The collapse of Communism and the East bloc in 1989 led to immediate liberalisation in the other former Warsaw Pact countries and to gradual and at times painful attempts at democratisation in Bulgaria. The fence was affected. Bulgarians were now free to travel and the politicians of the 1990s saw no further need for a barbed-wire fence. The barbed wire and the poles were first abandoned and then dismantled. In many cases the wire was stolen to be sold by impoverished Bulgarians for scrap metal.

However, in the late 2000s Bulgaria's new politicians hardened their stance in an attempt to funnel the growing public nostalgia for Communism and the perceived need for a "hard hand" to tackle the country's problems. Initially, the Council of Ministers made a decision to erect a new fence to prevent the spread of hoof-and-mouth disease that Bulgarian politicians said was coming from across the border with Turkey. Plans were made, funds were allocated, but the project went nowhere.

Then came the war in Syria, an erstwhile ally of Communist Bulgaria and a country where many Bulgarian specialists of the Communist-era generation sought work because their salaries would be paid in dollars. Millions of refugees penetrated Turkey. Some of them wanted to go on into Europe. Bulgaria was in the way.
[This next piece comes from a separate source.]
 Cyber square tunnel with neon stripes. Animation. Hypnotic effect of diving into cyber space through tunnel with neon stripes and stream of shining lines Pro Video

Bulgaria's increasingly nationalist politicians saw a good chance to deflect the growing public discontent with the embattled reforms and low living standards into a mass hysteria building on the fear the country would be overrun by Muslim criminals, rapists and terrorists. The fact was that the trickle of asylumseekers entering legally or illegally was negligible compared to what Greece and Italy experienced. But with the help of the media the politicians made their point. A new, modern fence was badly and urgently needed to stop anyone from entering.

Plans were drawn, the cash (most of it coming from the EU) was secured. Building the new fence started in 2013, under the short-lived and ill-fated government of Plamen Oresharski. Some 30 kilometres of it were built in the easiest part of the terrain, in the plain near Svilengrad. The government then declared the project of national security significance, which meant it could pick its contractors without a public bid.
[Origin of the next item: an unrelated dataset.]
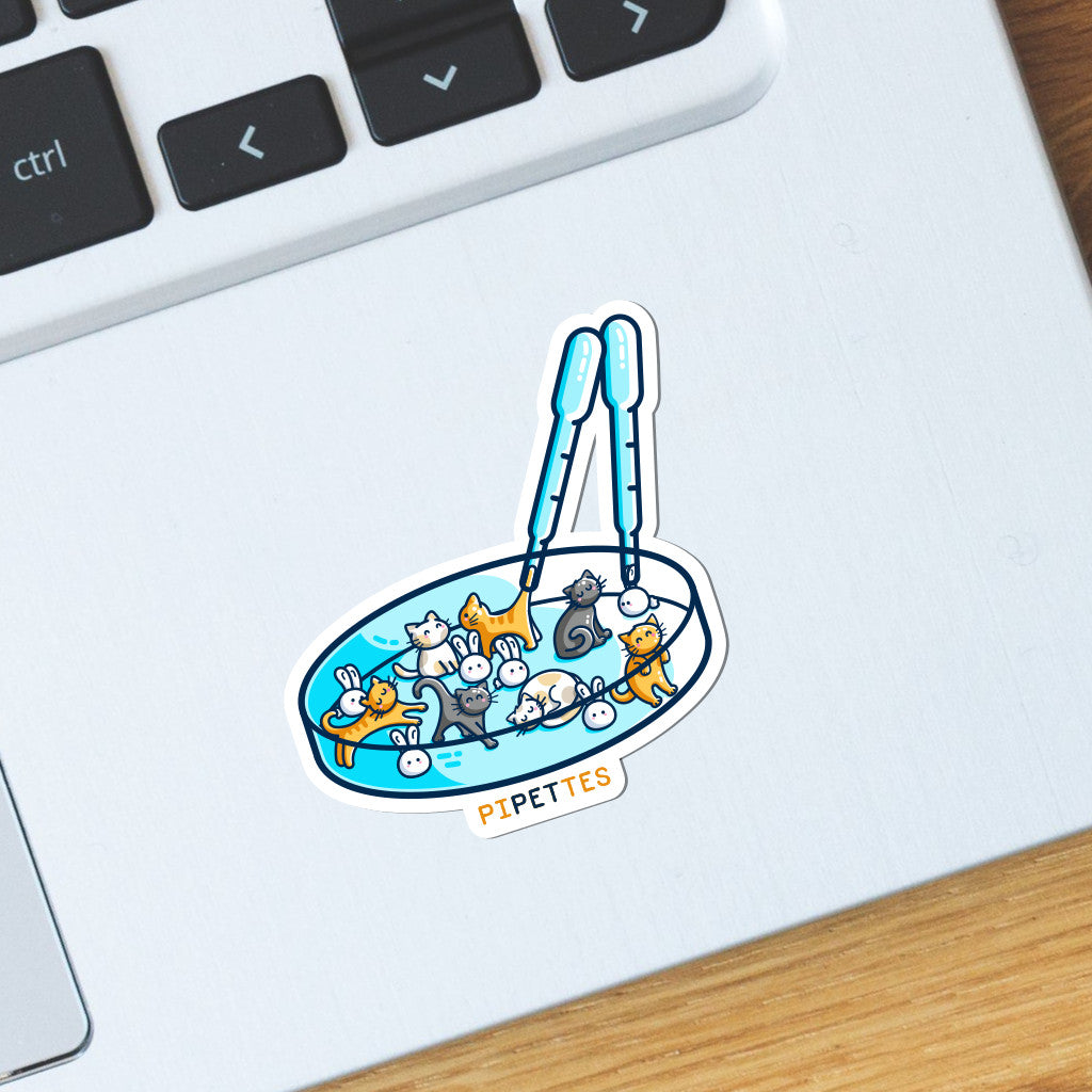 A science pun on the word pipettes. Cute cats and rabbits, representing the pets in the pun, have been tranferred to a petri dish using pipettes. On a kiss-cut / die-cut vinyl sticker that follows the shape of the image.

The Oresharski government was overthrown following mass street protests in Sofia. Boyko Borisov's GERB returned to power. One of the things it did was amend the Public Works and Contracts Act to enable itself to go on selecting contractors for the fence without a bid. It argued it needed that to be able to complete the fence as a matter of "urgency." That was in 2014. The price of the fence, in the meantime, was going up. It also emerged that some of the constructed sections were already in need of repairs.

Though the new barbed-wire fence was popular with the majority of Bulgarians, some critical voices were also heard. They argued the fence was too easy to penetrate with a simple ladder or a spade. Significantly, erecting a physical barrier to make life more difficult for asylumseekers would only boost the "business" of human smugglers some of whom were connected to the police.

The overwhelming majority of Syrians fleeing the civil war in their country have no intention of staying in Bulgaria. For them it is just a port-of-call, an inevitable stopover on their way to Western Europe, mainly Germany, which has accepted 33 percent of all Syrian war refugees within the EU. The human smuggling business, therefore, is thriving.

The total cost of the fence so far has been 150 million leva.

The fence is now completed save for a short 5-kilometre stretch.  Deputy Prime Minister Valeri Simeonov of the National Front for the Salvation for Bulgaria is happy. He recently flew over the new fence in a helicopter and reported that everything was OK. According to Slavi's Show, a popular TV programme, he owns a hotel less than a mile from the Malko Tarnovo border checkpoint with Turkey. The hotel is fully booked by… border guards sent from the whole of Bulgaria to catch "migrants."